But great stuff! Glad I could plant the seed of suggestion then!

Happy New Year!

Cheers! - Leah


----------



## bdskelly (Jan 2, 2014)

Leah

Another 5 star meal despite the weather.  Well done! B


----------



## guruatbol (Jan 2, 2014)

That is absolutely awesome looking!  I love swordfish.

I got some Marlin right from the water.  I had a roast that was about 20# and put it in the freezer and used it little by little.  kabobs, steaks, etc.

Um, try adding some apple cider vinegar to your grape seed oil and some onion, garlic, salt and pepper, then the grill or smoker.  If you smoke a piece low and slow with a salt crust or brine, it will be absolutely incredible.  I used to have the fresh yellowtail done that way before shipping it home after a good fishing trip.  I tried some Marlin he had and it was incredible.  Swordfish is very similar.  You have a wonderful fish monger.  I wish we could get good seafood here in Utah.  Albertson's has some every now an then, but not often.

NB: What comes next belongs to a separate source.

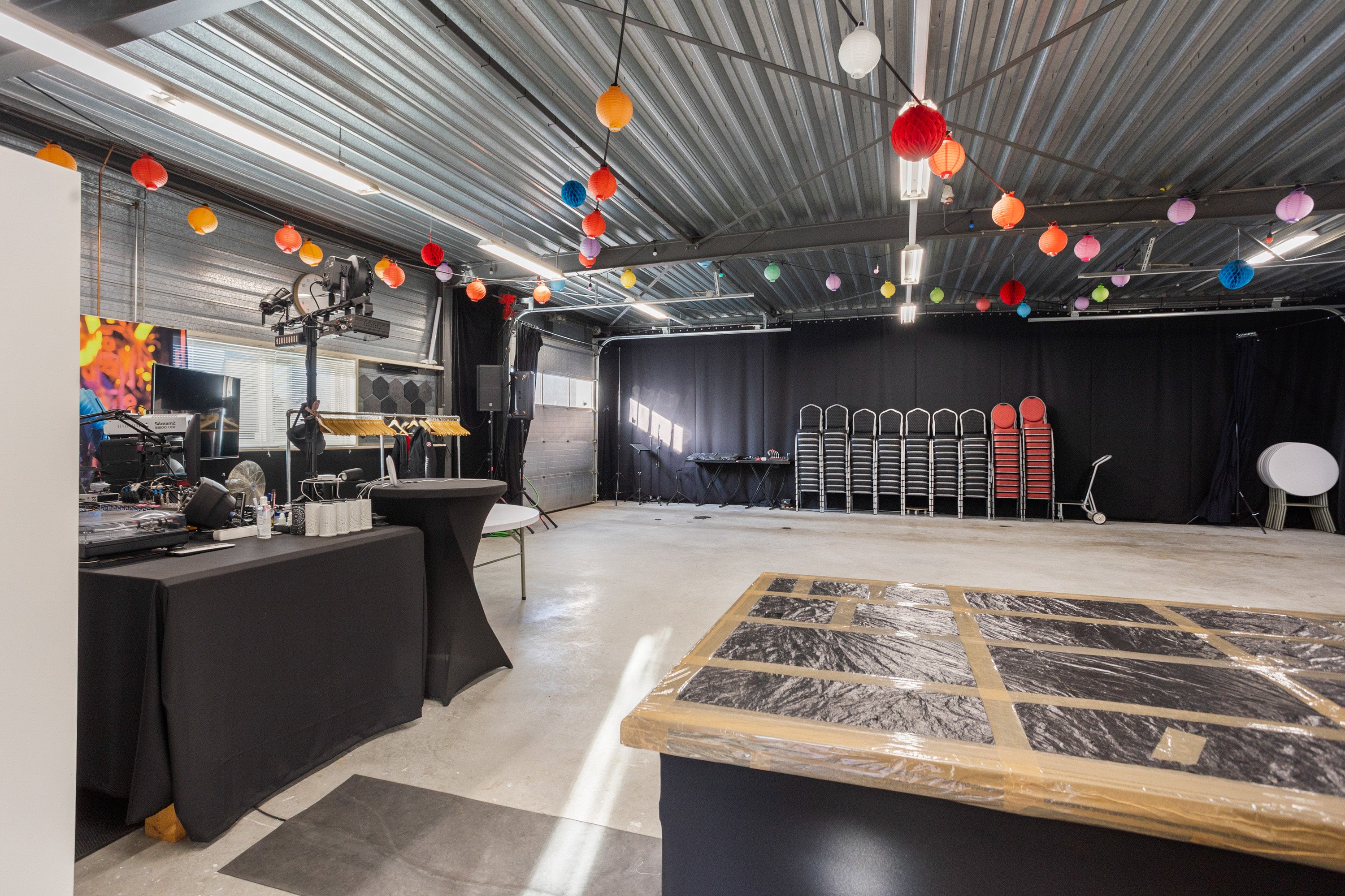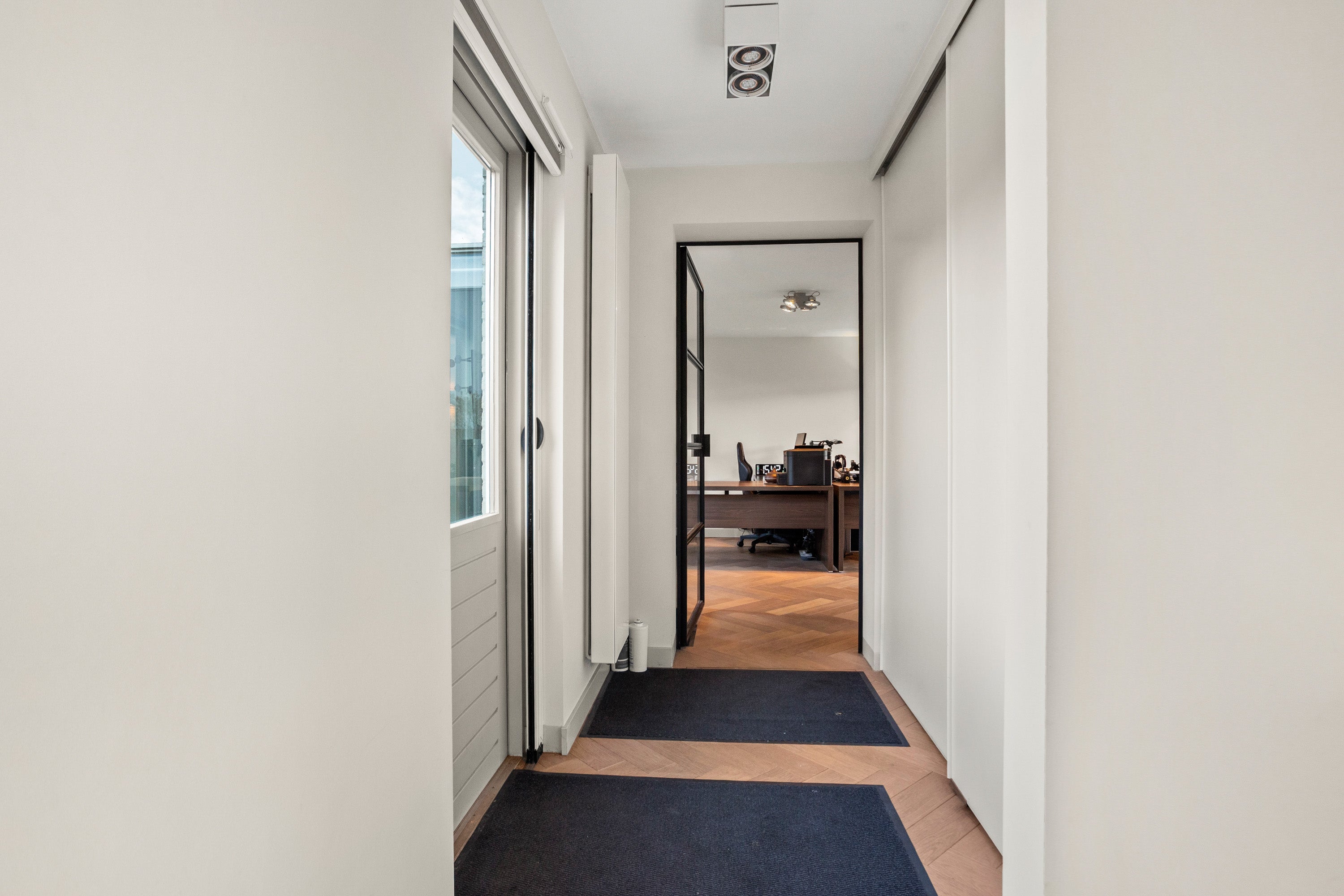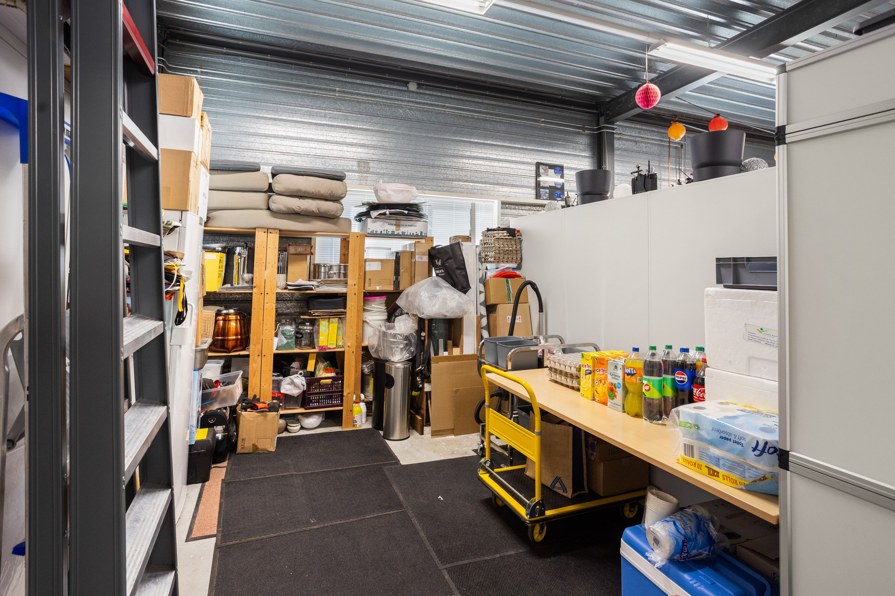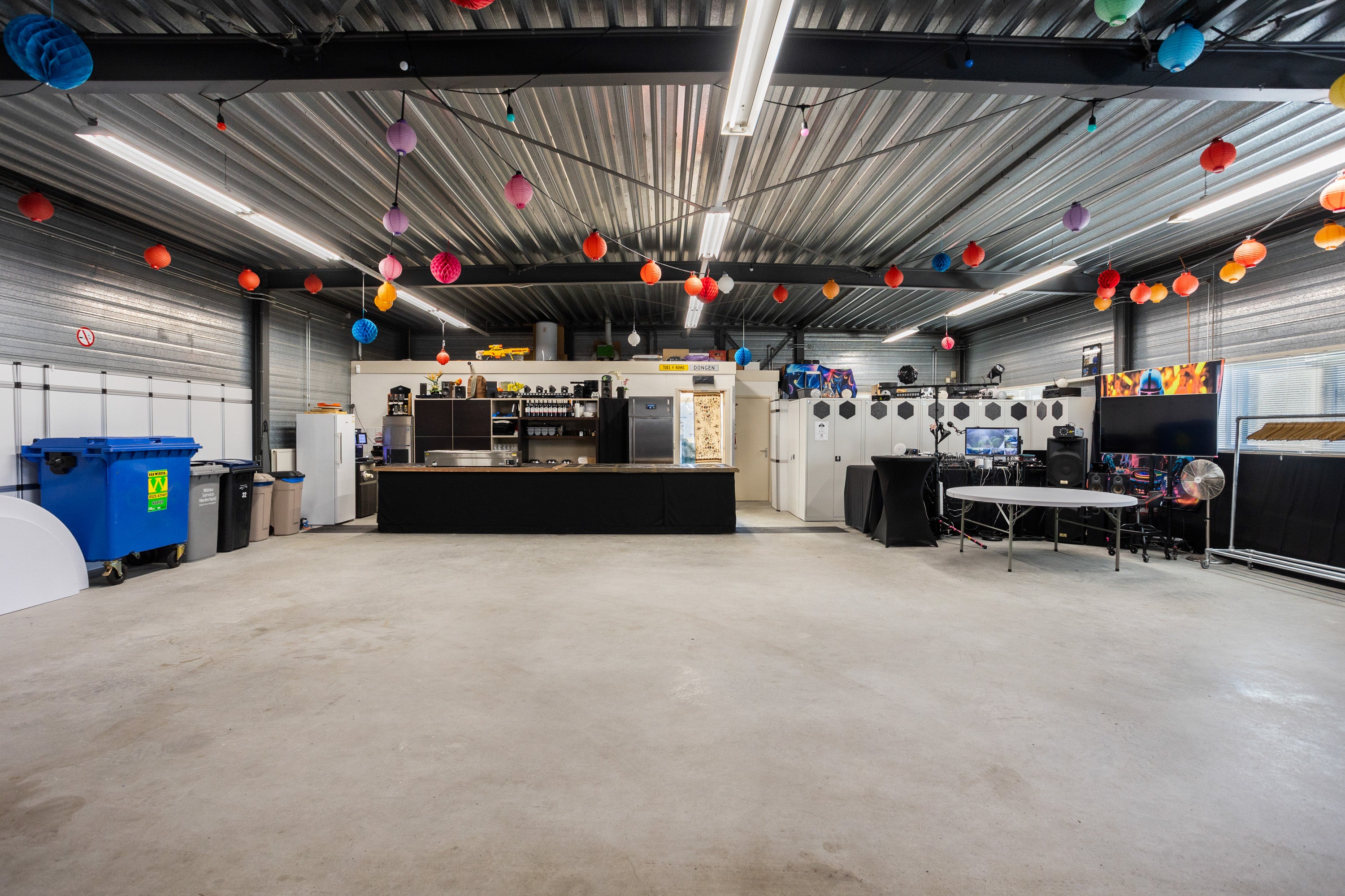 Op de verdieping zijn er vier slaapkamers, waaronder een master suite met eigen badkamer. Het bedrijfspand bevat een grote open ruimte en professionele voorzieningen. De locatie is goed bereikbaar via de A6, A27 en A1.

Here's a good one for you.  Get some yellowtail fillets with the skin on.  Bonito or other tuna should work as well, but yellowtail is the best.  Pat them dry.  Season heavily with onion, garlic, salt (lightly) pepper, and chili powder.  Let sit while you make the rest.  In a sauce pan melt a cube of butter (not margarine), squeeze one lemon, lime, orange and put the rinds, seeds, and all in the pan.  Slice an onion and put the slices in the pan, minced garlic is called for as well.  Add to taste.  Add the same seasonings that were applied to the fish in the pan.  Simmer until the onions are translucent.  From the time you left the fish to sit with seasonings on it until you are done with the basting sauce should be about 1/2 hour.  Place the fish on the grill skin side down on a medium high heat.  Here is the hard part.  Stand there and brush the entire contents of the sauce pan over the fish as it cooks.  the citrus rinds can be discarded before basting.  When you are done with the sauce and the fish is done, (do not turn the fish) serve with avocado, cucumber, radish slices, steamed corn tortillas and black beans seasoned with chili powder, onion and garlic and maybe some spanish rice.  It is not as healthy as your posted swordfish, but so tasty!  A guilty pleasure of fish!  I serve it whole and use pieces of the tortilla to rip out fish for little fish tacos.  Oh, I forgot the shredded cabbage.  Now if I could just find some fresh skin on yellowtail.

Oh, don't eat the dark meat if you don't like real strong fish flavor.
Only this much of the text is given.